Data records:

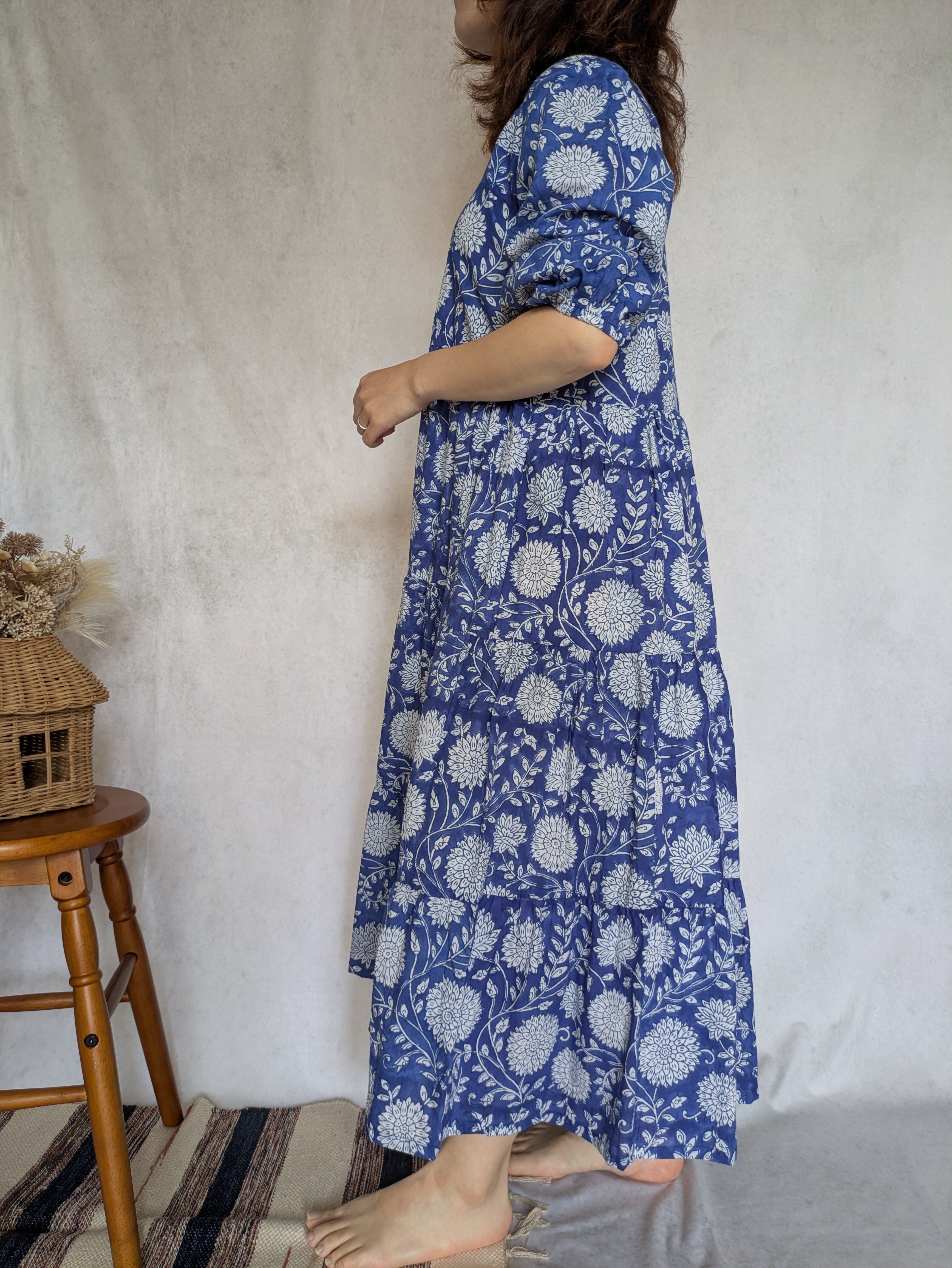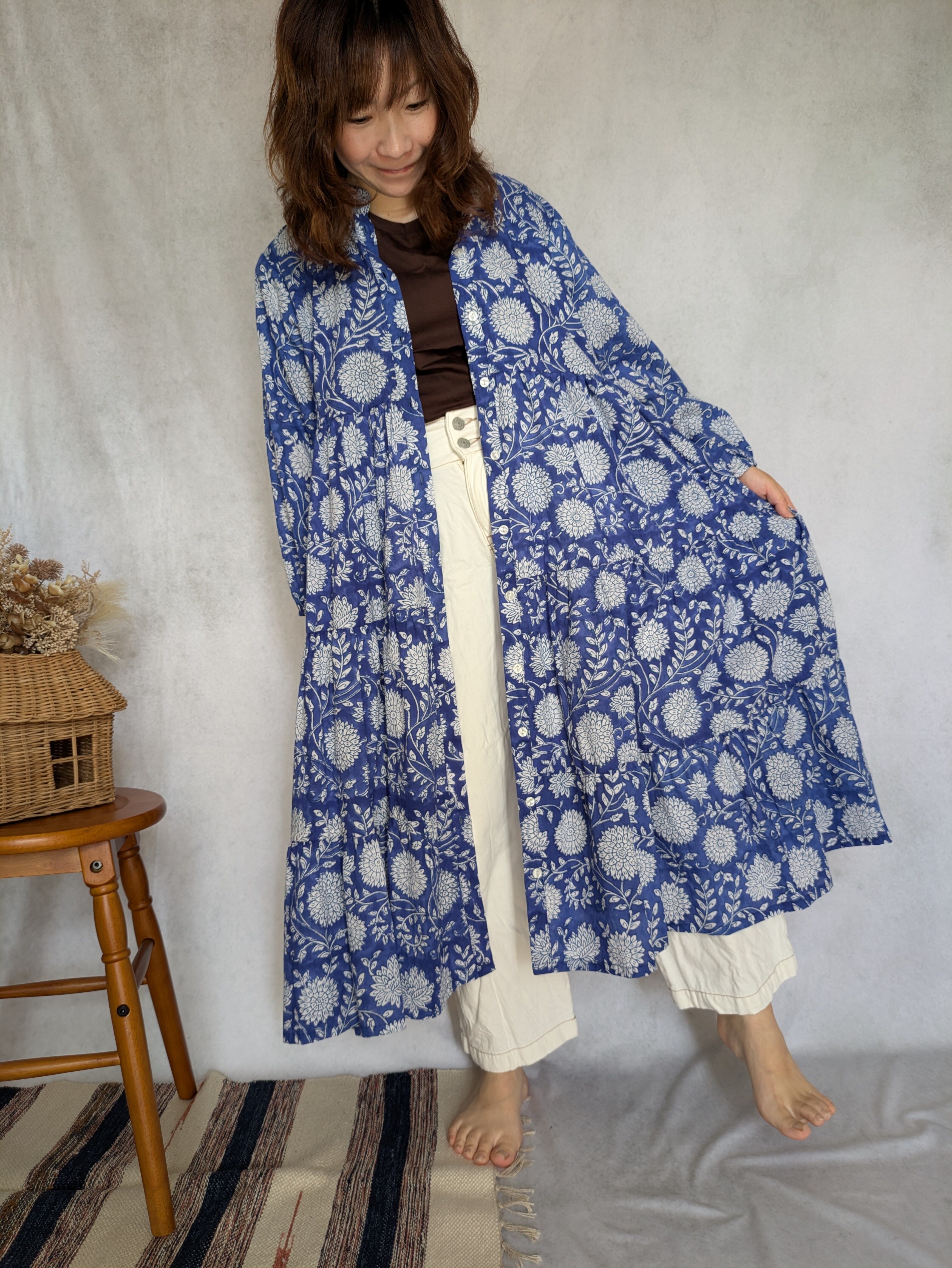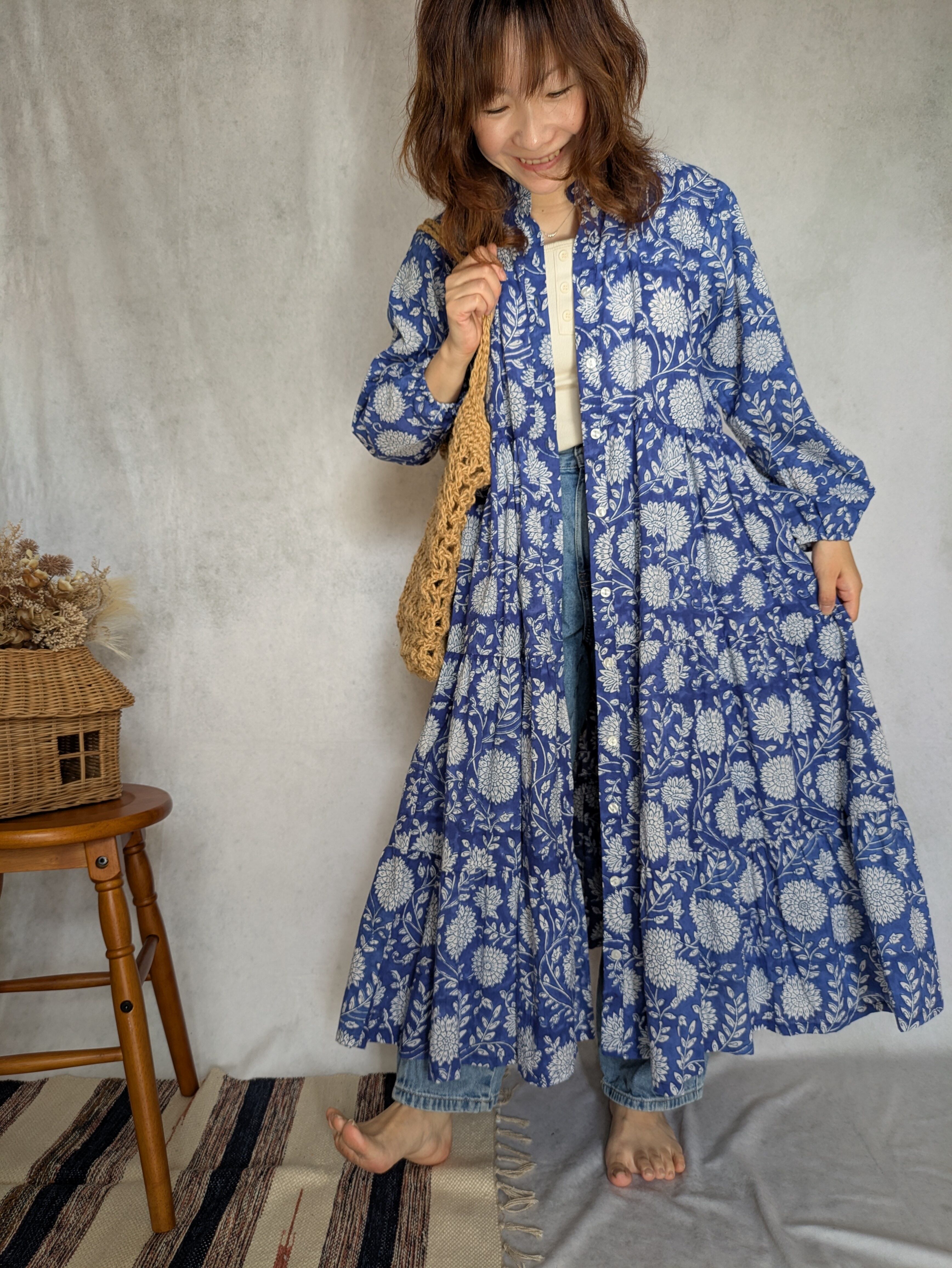 こちらは、インドの伝統工芸であるハンドブロックプリントで作られたワンピースです。
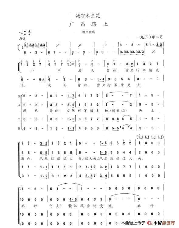 关于《减字木兰花·广昌路上》曲谱的评论
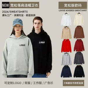 Толстовка с индивидуальным логотипом, весенне-осенняя тонкая рабочая одежда с капюшоном, мужская и женская, с длинными рукавами, свободная, с открытыми плечами, чистый цвет, чесаная
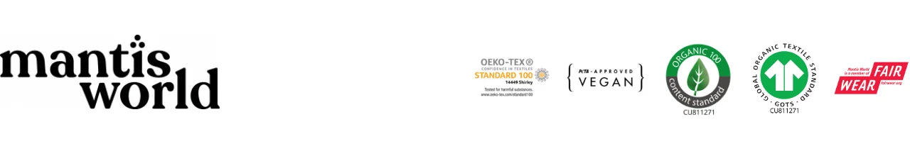 GOTS ensures that organic and ethical practices are followed by farmers at every step of the supply chain. As a standard, it covers both social and environmental factors, making it a valuable certification. All of Mantis World's suppliers, from farm to factory, must be GOTS certified. Each is audited separately, and Mantis World is also certified by Control Union under reference number CU811271.
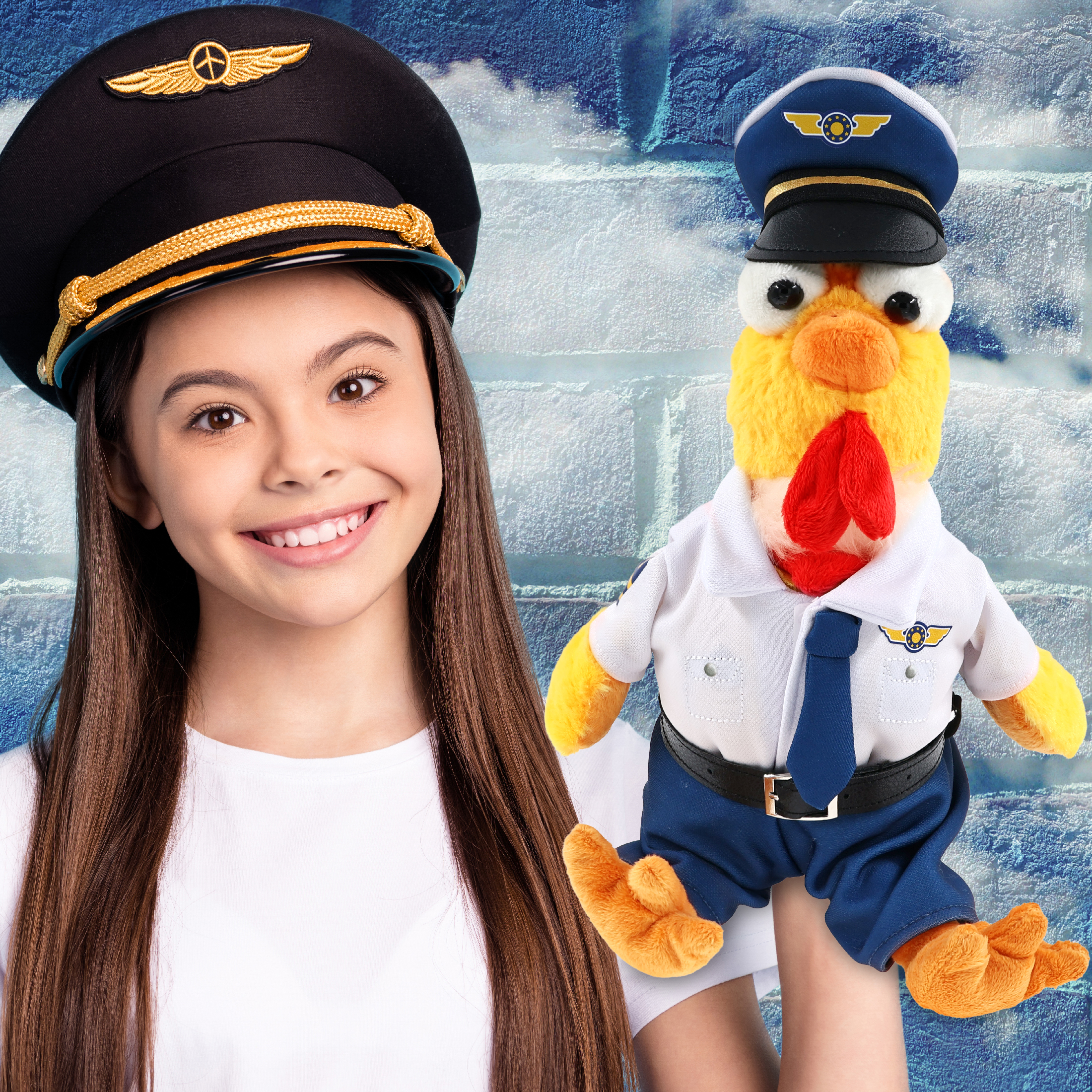 - Features a Cute Teddy Bear Plush with Pilot Uniform Costume – This rooster doll features ready-to-fly pilot clothes for teddy bears. The rooster plush features cool details and realistic design, while the pilot career dress up costume features a white button-up aviation uniform shirt with printed pilot wings and sleeve stripes, blue pants with an elastic waistband, a black belt, a matching blue tie, and a classic pilot captain hat.
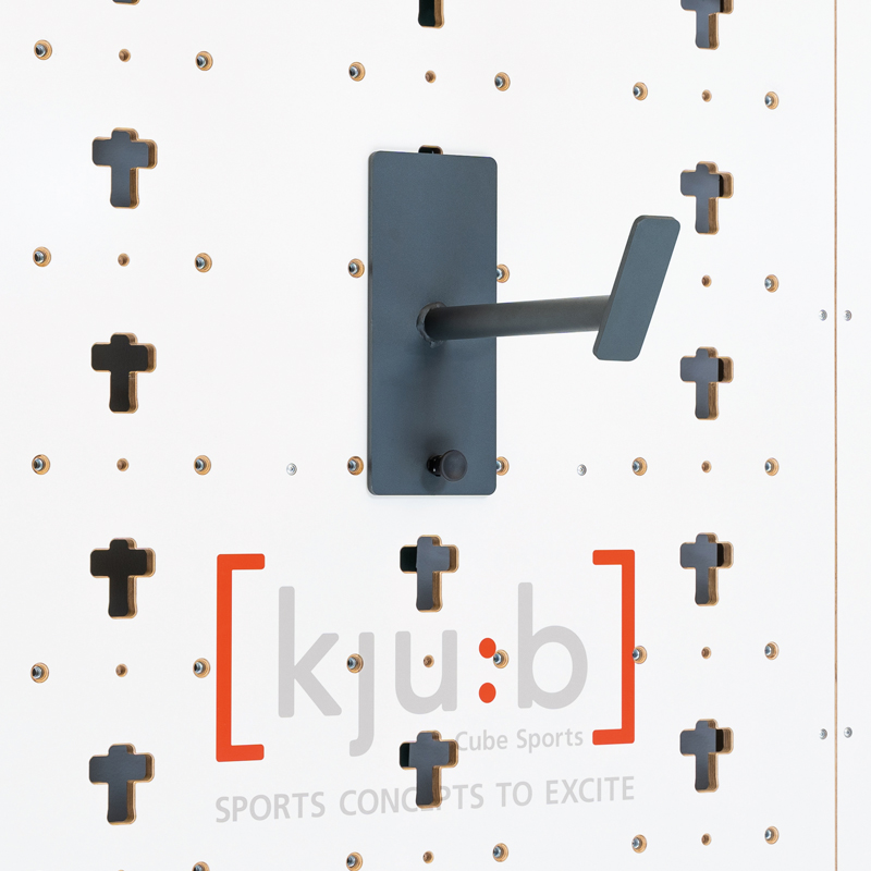 Aufbewahrungsmöglichkeit für Battle Rope, Seile, Bänder und weiteres Equipment. Dient auch als horizontale Ablage für Langhanteltrainer.
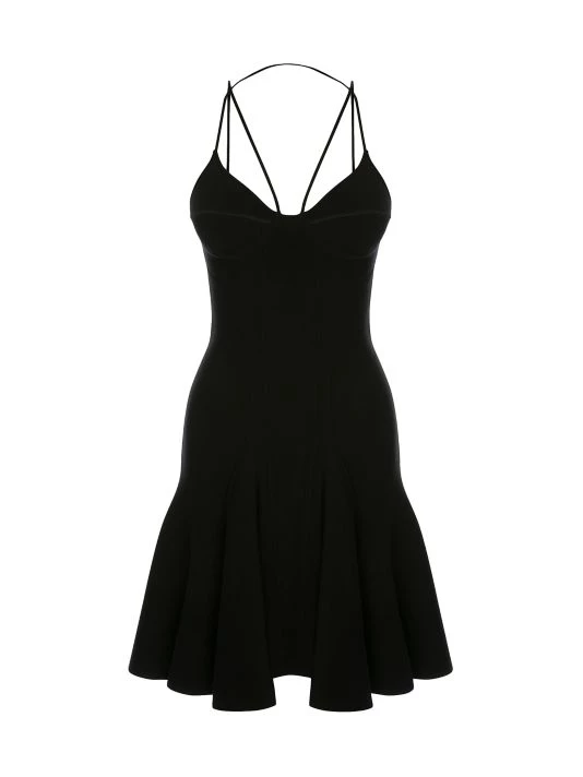 This sleeveless knit minidress is complete with a defined bodice and pleated skirt.
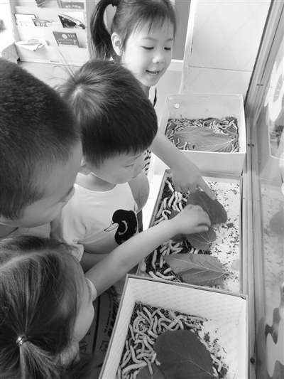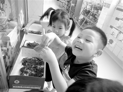 又一迫切的問題擺在孩子們面前。他們著急起來,有人說可以多放一些桑葉,又擔(dān)心糞便沒人清理,也有人提議請保安爺爺幫忙照顧,可是這樣太麻煩人,且桑葉也不夠吃。最后,他們商定雙休日由值日生把蠶寶寶帶回家養(yǎng)。
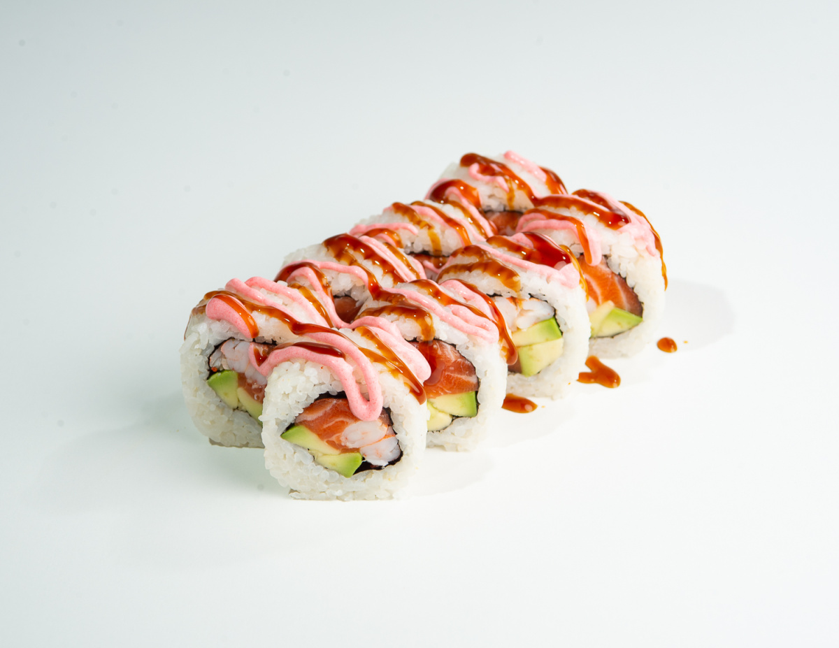 Рис, нори, лосось, авокадо, креветки, соус унаги, соус лава

**About this task:**
For every entry, return its exact wording and leave out any image.

**Solution below:**
 こちらは、インドの伝統工芸であるハンドブロックプリントで作られたワンピースです。
 关于《减字木兰花·广昌路上》曲谱的评论
 Толстовка с индивидуальным логотипом, весенне-осенняя тонкая рабочая одежда с капюшоном, мужская и женская, с длинными рукавами, свободная, с открытыми плечами, чистый цвет, чесаная
 GOTS ensures that organic and ethical practices are followed by farmers at every step of the supply chain. As a standard, it covers both social and environmental factors, making it a valuable certification. All of Mantis World's suppliers, from farm to factory, must be GOTS certified. Each is audited separately, and Mantis World is also certified by Control Union under reference number CU811271.
 - Features a Cute Teddy Bear Plush with Pilot Uniform Costume – This rooster doll features ready-to-fly pilot clothes for teddy bears. The rooster plush features cool details and realistic design, while the pilot career dress up costume features a white button-up aviation uniform shirt with printed pilot wings and sleeve stripes, blue pants with an elastic waistband, a black belt, a matching blue tie, and a classic pilot captain hat.
 Aufbewahrungsmöglichkeit für Battle Rope, Seile, Bänder und weiteres Equipment. Dient auch als horizontale Ablage für Langhanteltrainer.
 This sleeveless knit minidress is complete with a defined bodice and pleated skirt.
 又一迫切的問題擺在孩子們面前。他們著急起來,有人說可以多放一些桑葉,又擔(dān)心糞便沒人清理,也有人提議請保安爺爺幫忙照顧,可是這樣太麻煩人,且桑葉也不夠吃。最后,他們商定雙休日由值日生把蠶寶寶帶回家養(yǎng)。
 Рис, нори, лосось, авокадо, креветки, соус унаги, соус лава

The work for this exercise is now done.